DETAILED DESCRIPTION OF THE INVENTION
[0015] Fucus vesiculosusl
[0016] Fucus vesiculosus, also commonly known as bladderwrack or
rock weed, is a species of temperate algae naturally found in
littoral/lower intertidal zones along the coastlines of the
Atlantic Oceans. It can also found in some Pacific ocean regions as
well as the North Sea and Baltic Sea. The Fucus vesiculosus may be
naturally occurring (i.e., "wild") or cultivated.
[0017] Fucus vesiculosus is a marine organism rich in sources of
structurally novel and biologically active metabolites with
potential in health applications. Their bioactive components
include polyphenols, peptides, and polysaccharides.
[0018] Extracts of Fucus vesiculosus are known for use as a
cosmetic active ingredient as in co-pending U.S. application Ser.
No. 14/077,934. It is believed the extract stimulates Heme
oxygenase which in turn, stimulates the scavenging of heme thereby
reducing the appearance of dark circles under eyes.
[0019] Most abundant in brown algae is a fucoidan polysaccharide, a
complex sulfated polysaccharide mainly found in the cell-wall
matrix. The main unit in fucoidan is L-fucose, a hexose deoxy sugar
with the chemical formula C.sub.6H.sub.12O.sub.5, with small
quantities of D-galactose, D-mannose, D-xylose, and uronic acid,
and several percentages of sulfate ester groups.
[0020] Fucoidans exhibit interesting biological properties, such as
antioxidant, immunomodulatory, antiviral, antithrombotic, or
anticoagulant. Fucoidans have been shown to inhibit the growth of a
wide variety of tumor cells. See Itoh, H.; Noda, H.; Amano, H.;
Ito, H. Anticancer Research 1995, 15, 1937-1947.
[0021] In another study fucans from Aschophyllum nodosum inhibited
growth of smooth muscle cells, suggesting an anti-proliferative
effect . See Logeart, D.; Prigeant-Richard, S.; Jozefonvicz, J.;
Letourneur, D. European Journal of Cell Biology 1997, 74,
385-390.
[0022] Fucoidan extracted from Fucus vesiculosus was shown to
exhibit immunomodulation properties See Kim, M. H.; Joo, H. G.

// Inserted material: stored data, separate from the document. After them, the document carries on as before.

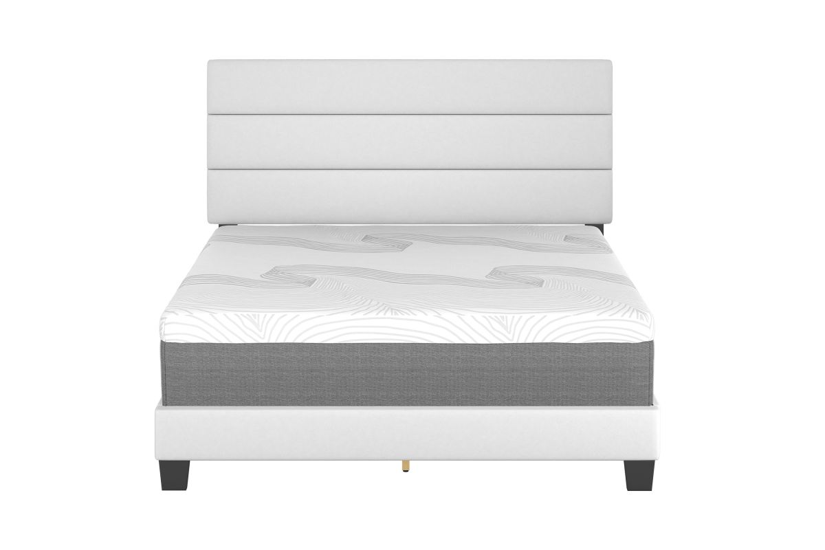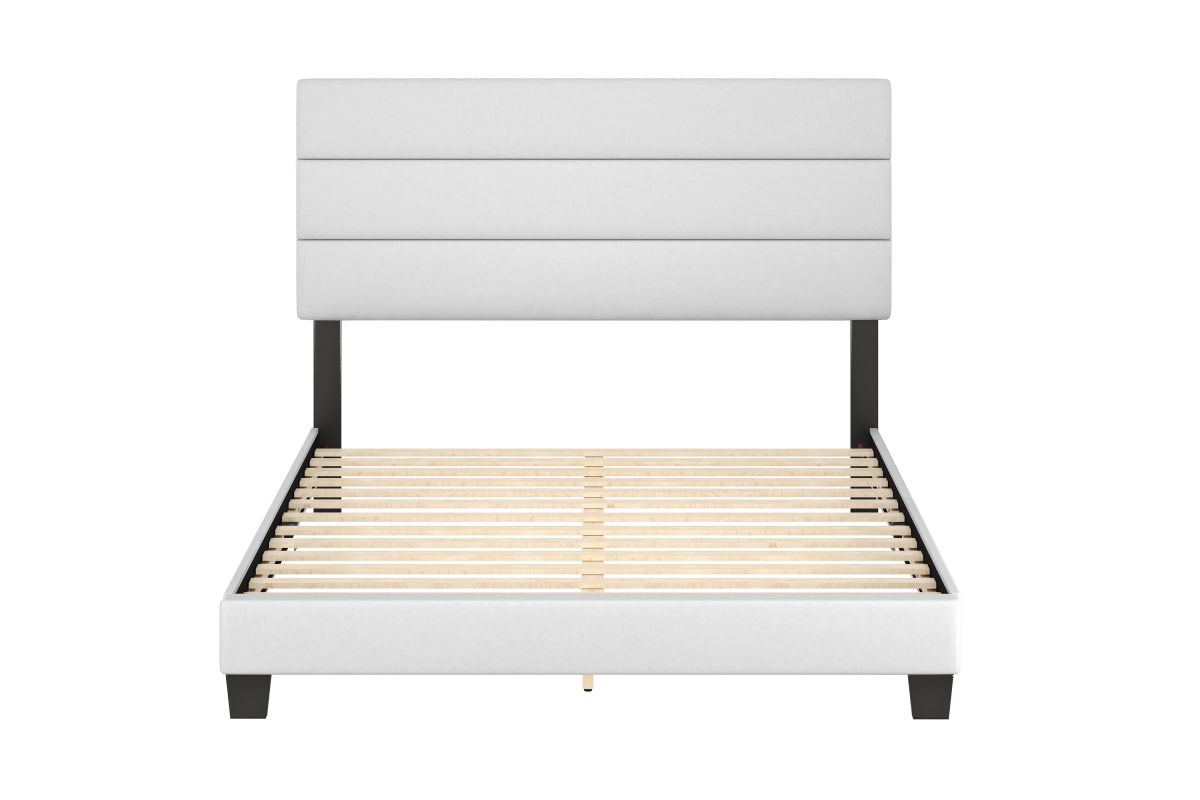 Clean, modern lines define this upholstered platform bed, making it the showpiece in any setting. The horizontal lines of the tri-panel headboard create a linear design concept you can easily accentuate with your favorite decor. Manufactured with high quality materials, the entire bed is upholstered and slightly padded for a premium look and feel.
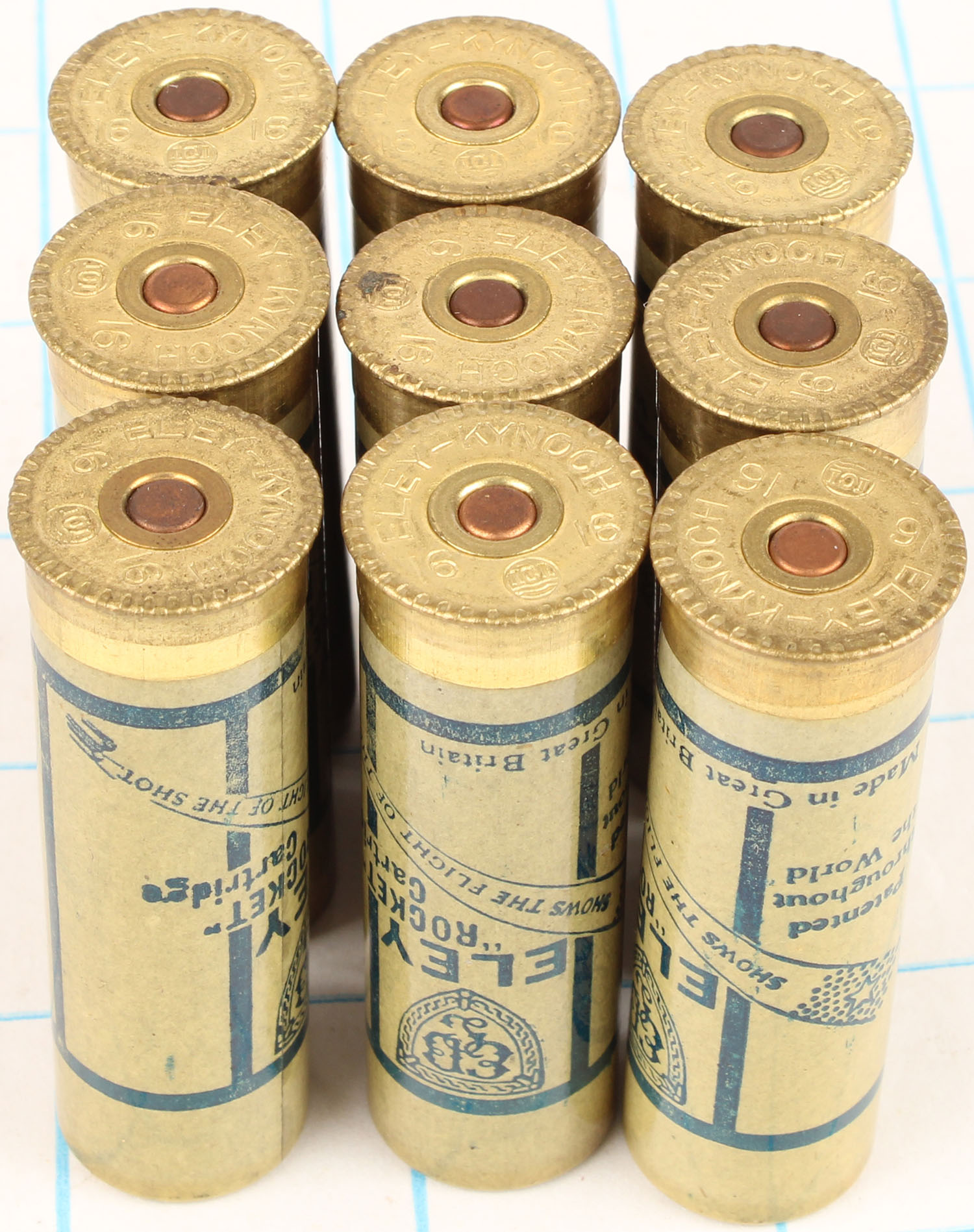 Lot of 9 loaded paper shotshells, ELEY KYNOCH Rocket 16ga, 2 3/8'' OAL. Grade: Excellent - Value: 6 to 30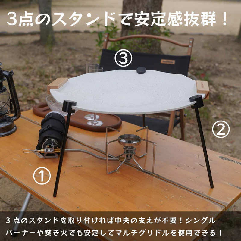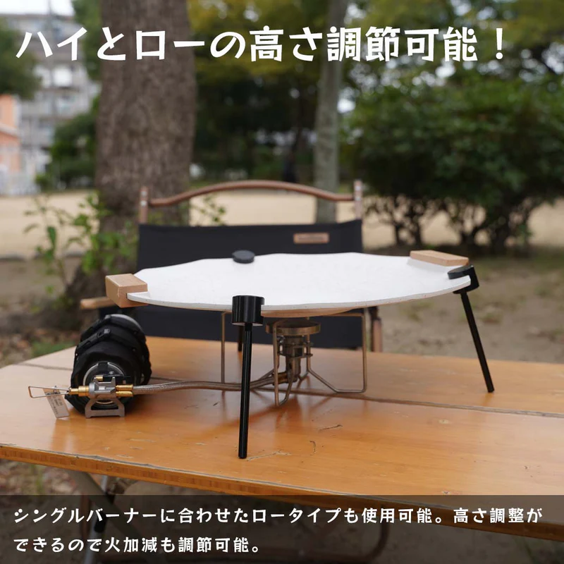 幅広く使用でき、バーナースタンドだけでなく、焚き火時の五徳としても。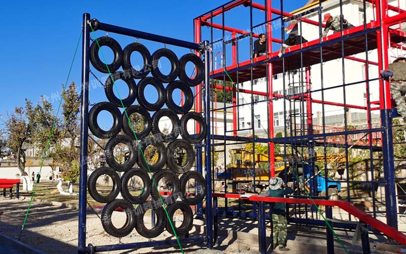 此訓練場主要包含繩索救援訓練架,消防200米滅火障礙。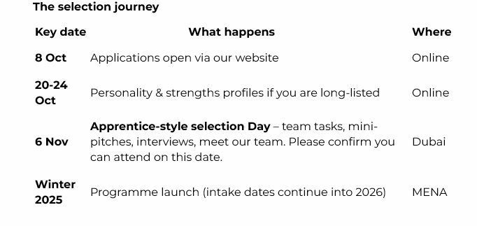 Email everything to MakeMeYourMENAGrad25@four.agency by 23:59 (BST) Sunday 19 October 2025.

Immunology Letters 2008, 115, 138-143.
[0023] The compositions and structural complexity of fucoidans from
different brown seaweeds can vary considerably. The amount and the
position of the sulfated groups along the backbone play a
significant role in the functional properties of fucoidans.

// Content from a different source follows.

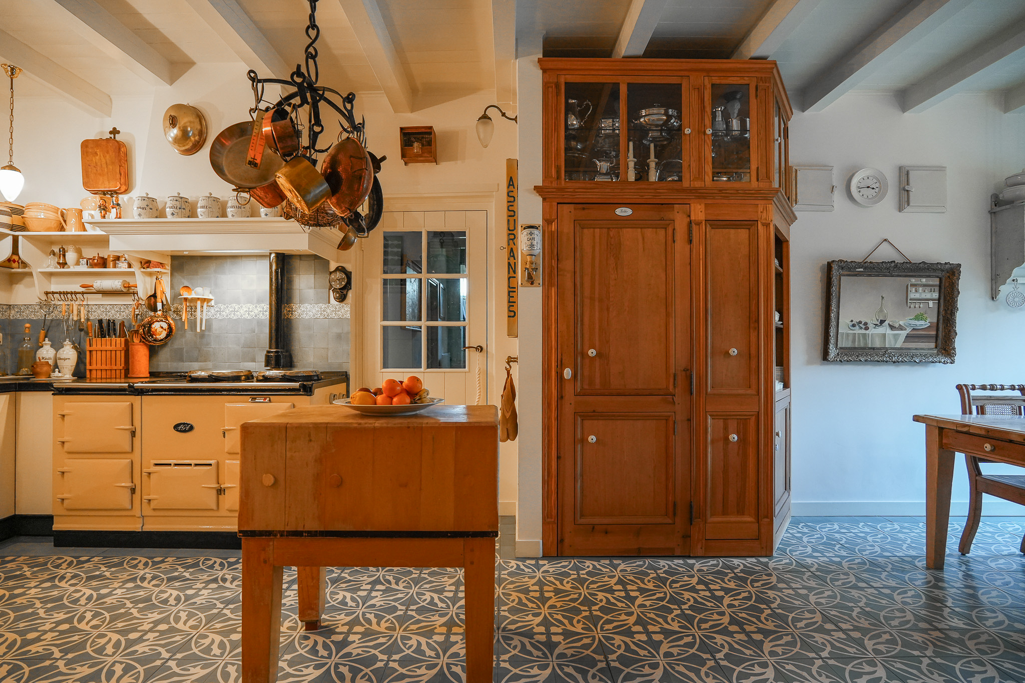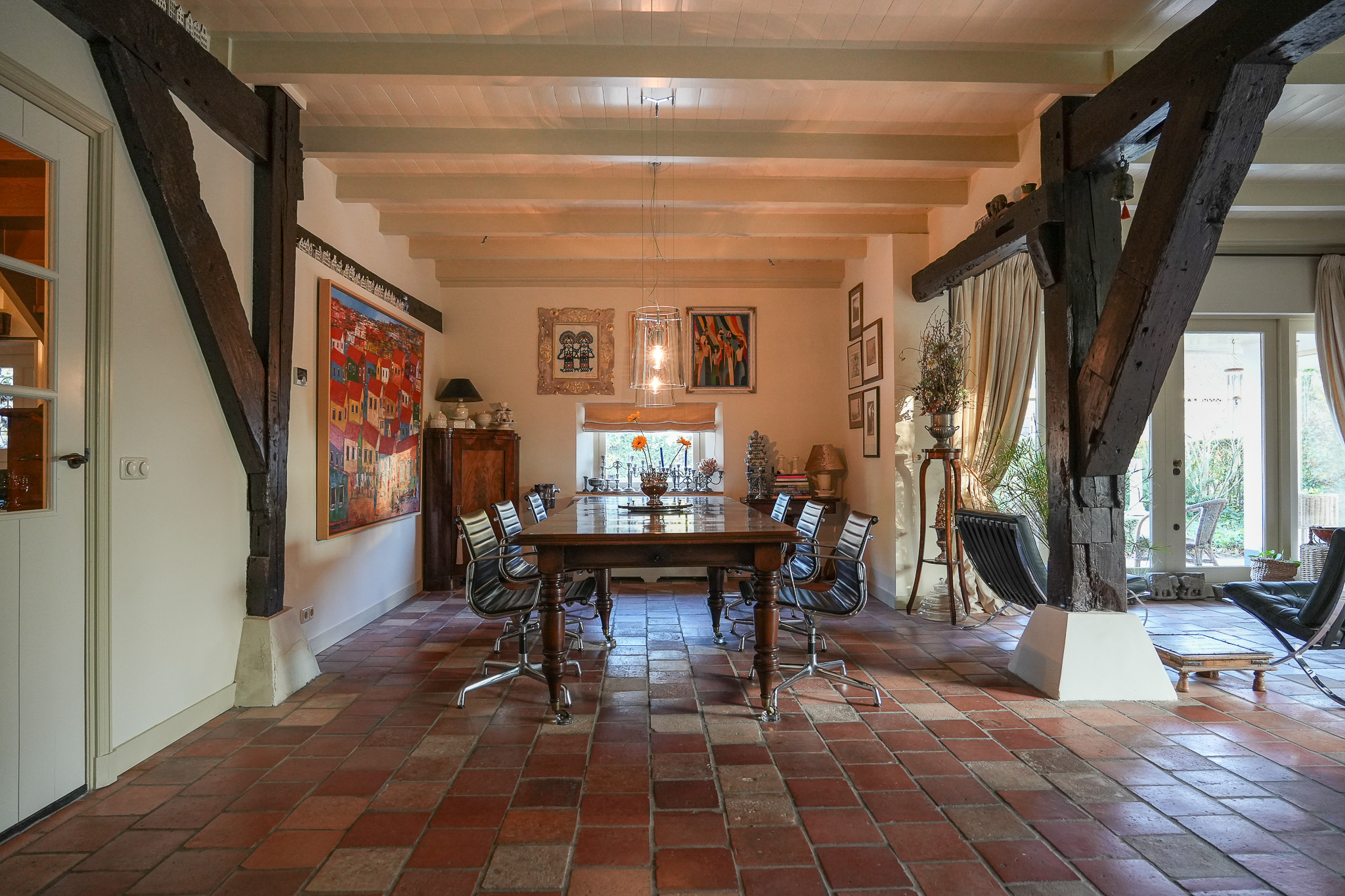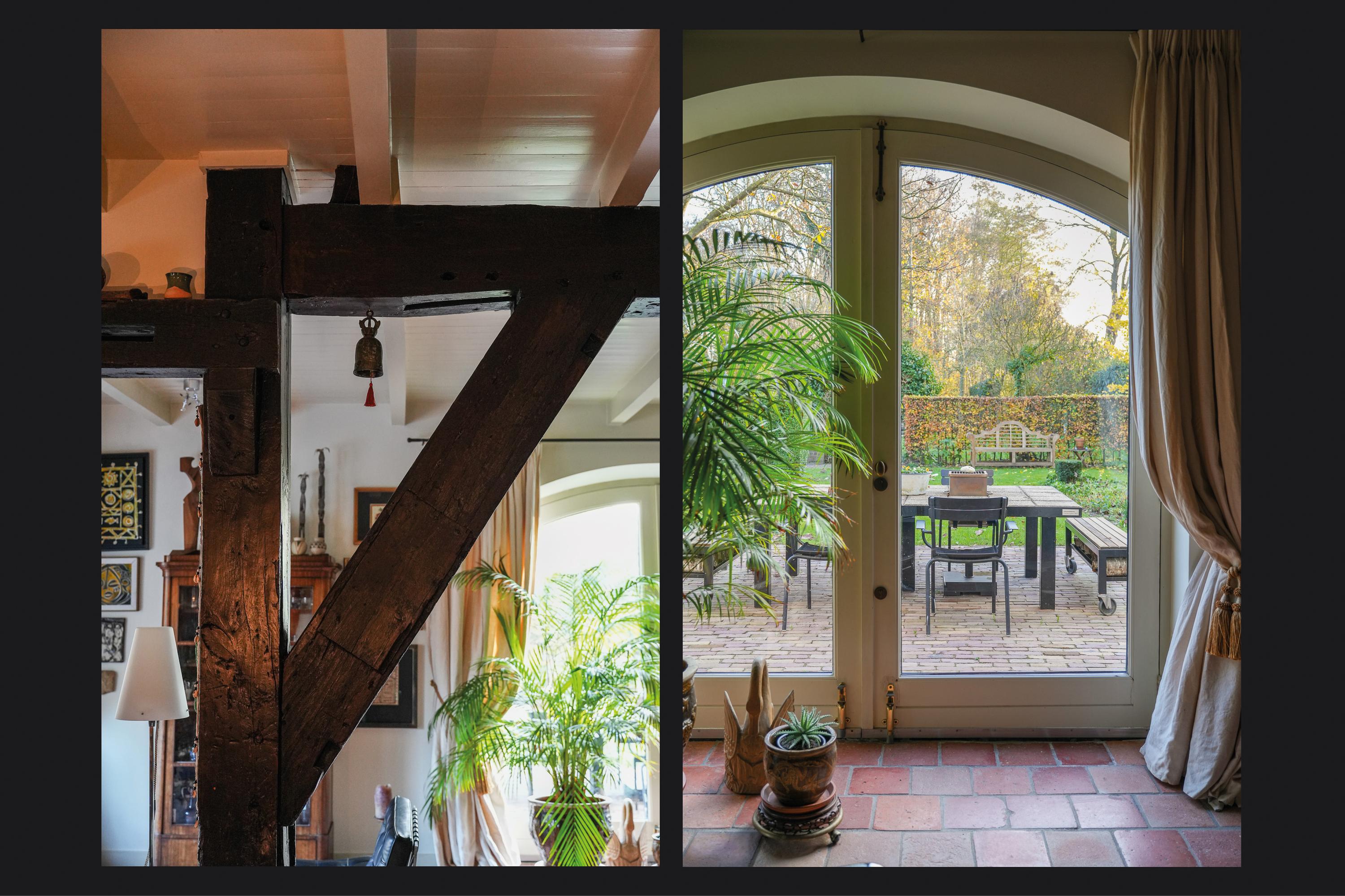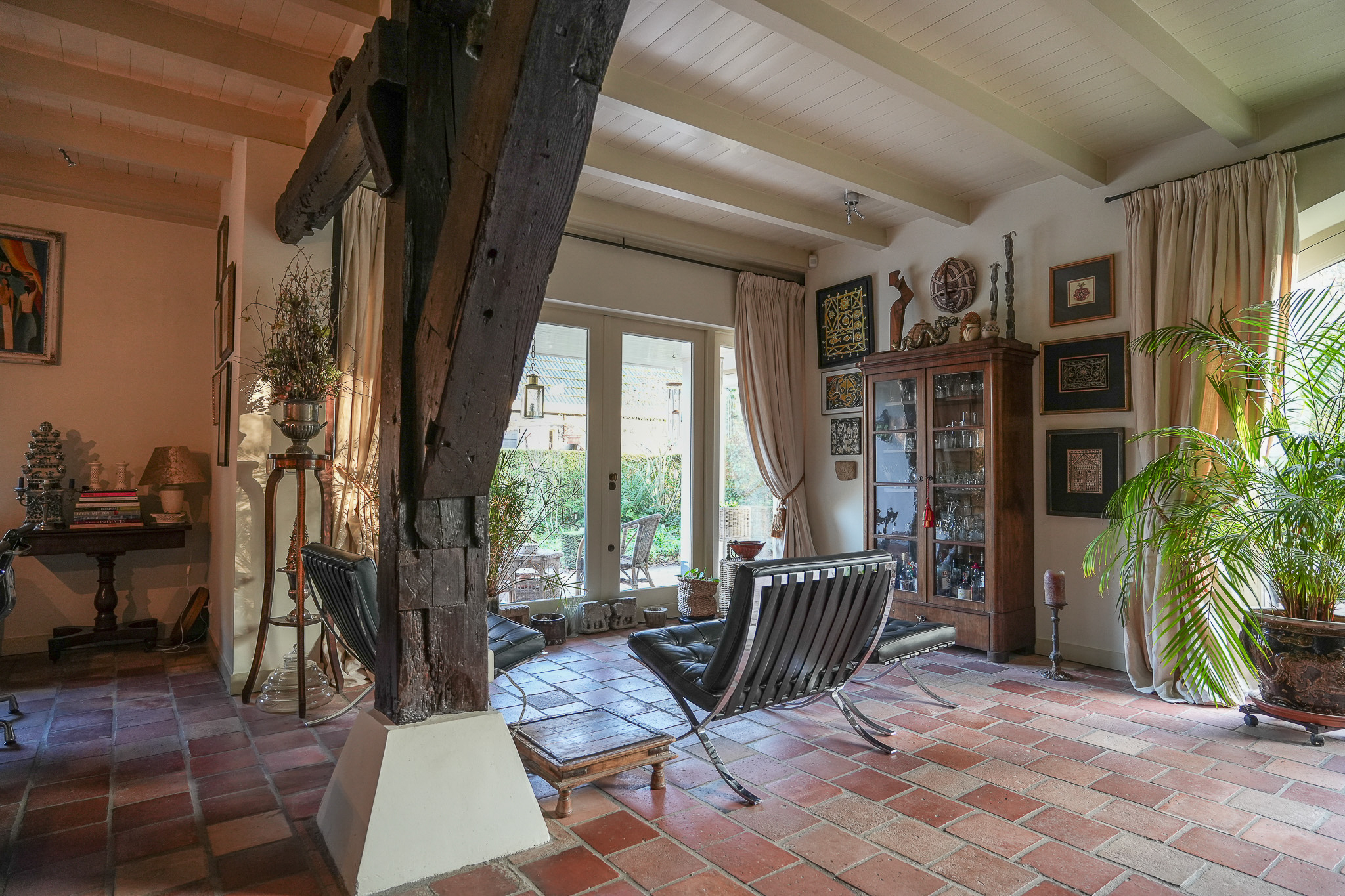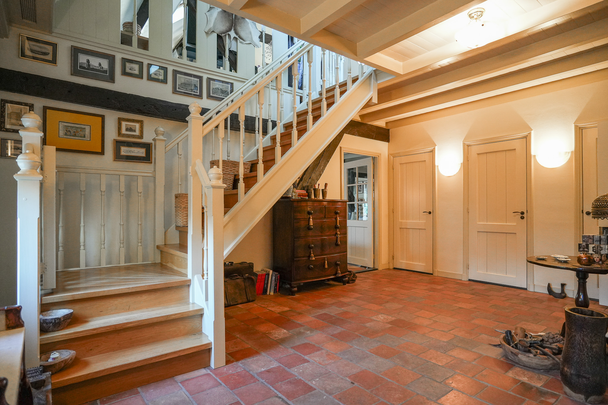 Das Bauernhaus Hellouw präsentiert sich als dezente, doch beeindruckende Erscheinung am Rande des Betuwe-Dorfes; sein Baujahr 1917 prägt jedes durchdachte Detail. Das Anwesen auf einem 4.910 m² großen Grundstück bietet 403 m² Wohnfläche, fünf Schlafzimmer und zwei Bäder. Großzügige Proportionen und originale Stilelemente bestimmen das Interieur, wo Sandsteinkamine und Fachwerkbalken den Räumen eine angenehme Schwere verleihen. Im Erdgeschoss befindet sich ein geräumiges, gartenseitiges Wohnzimmer in der ehemaligen Scheune, eine Landhausküche mit antiken Fliesen, ein Weinkeller sowie ein Ensemble ebenerdiger Räume: ein Schlafzimmer mit Kamin, Ankleide und Büro – alle mit Blick ins private Grün.

Therefore the properties of brown algae extracts and their
corresponding fucoidans, perhaps responsible for much of the
extract biological activity, cannot be predicted from one extract
to another.
[0024] The present invention describes the unexpected discovery
that extracts of Fucus vesiculosus brown algae exhibit exceptional
stimulatory effects for endothelial cells migrations and
pro-angiogenic properties providing high potential in wound healing
properties.
Extract
[0025] Extract means for purposes of this application an extract of
Fucus vesiculosus. An extract of Fucus vesiculosus, may be obtained
by extraction methods known to those skilled in the art. The
extraction may be obtained by aqueous extraction or extraction with
a C.sub.1-C.sub.4 alcohol or a water/alcohol mixture, wherein said
alcohol may be a C.sub.1-C.sub.4 alcohol. Preferably, the extract
is an aqueous extraction such as an alcohol/water blend.

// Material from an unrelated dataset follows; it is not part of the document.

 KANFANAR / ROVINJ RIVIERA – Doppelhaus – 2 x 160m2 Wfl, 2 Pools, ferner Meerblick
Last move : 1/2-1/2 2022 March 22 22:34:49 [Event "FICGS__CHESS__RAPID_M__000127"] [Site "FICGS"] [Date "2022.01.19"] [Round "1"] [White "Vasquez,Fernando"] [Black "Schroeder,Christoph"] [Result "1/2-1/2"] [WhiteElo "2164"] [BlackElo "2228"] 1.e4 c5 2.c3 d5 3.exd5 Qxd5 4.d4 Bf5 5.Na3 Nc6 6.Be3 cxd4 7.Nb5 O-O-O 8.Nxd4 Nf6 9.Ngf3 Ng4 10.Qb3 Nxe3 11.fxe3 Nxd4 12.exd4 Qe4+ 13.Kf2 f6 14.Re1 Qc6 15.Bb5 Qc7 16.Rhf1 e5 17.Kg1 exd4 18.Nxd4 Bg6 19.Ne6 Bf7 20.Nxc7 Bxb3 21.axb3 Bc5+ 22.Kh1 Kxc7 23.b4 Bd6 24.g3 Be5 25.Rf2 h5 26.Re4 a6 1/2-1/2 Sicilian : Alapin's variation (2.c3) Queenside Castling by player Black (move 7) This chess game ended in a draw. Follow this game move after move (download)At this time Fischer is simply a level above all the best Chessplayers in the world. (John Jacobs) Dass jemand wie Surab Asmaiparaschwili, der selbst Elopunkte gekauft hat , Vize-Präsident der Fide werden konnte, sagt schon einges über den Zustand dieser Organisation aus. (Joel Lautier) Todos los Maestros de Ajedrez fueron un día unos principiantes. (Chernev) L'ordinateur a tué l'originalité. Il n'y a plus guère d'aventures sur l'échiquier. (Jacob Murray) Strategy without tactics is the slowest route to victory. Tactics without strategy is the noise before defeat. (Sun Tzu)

Furthermore the extraction procedure may include the extraction of
Fucus vesiculosus with aqueous media containing both non-ionic
surfactants such polyethyleneglycol (PEG) and the like and
C.sub.1-C.sub.4 alcohols.
[0026] The amount of water used in the extraction medium will vary
from about 75 wt. % to about 100 wt. %. Most typically water will
make up about 85 to 99 wt. % of the extraction media.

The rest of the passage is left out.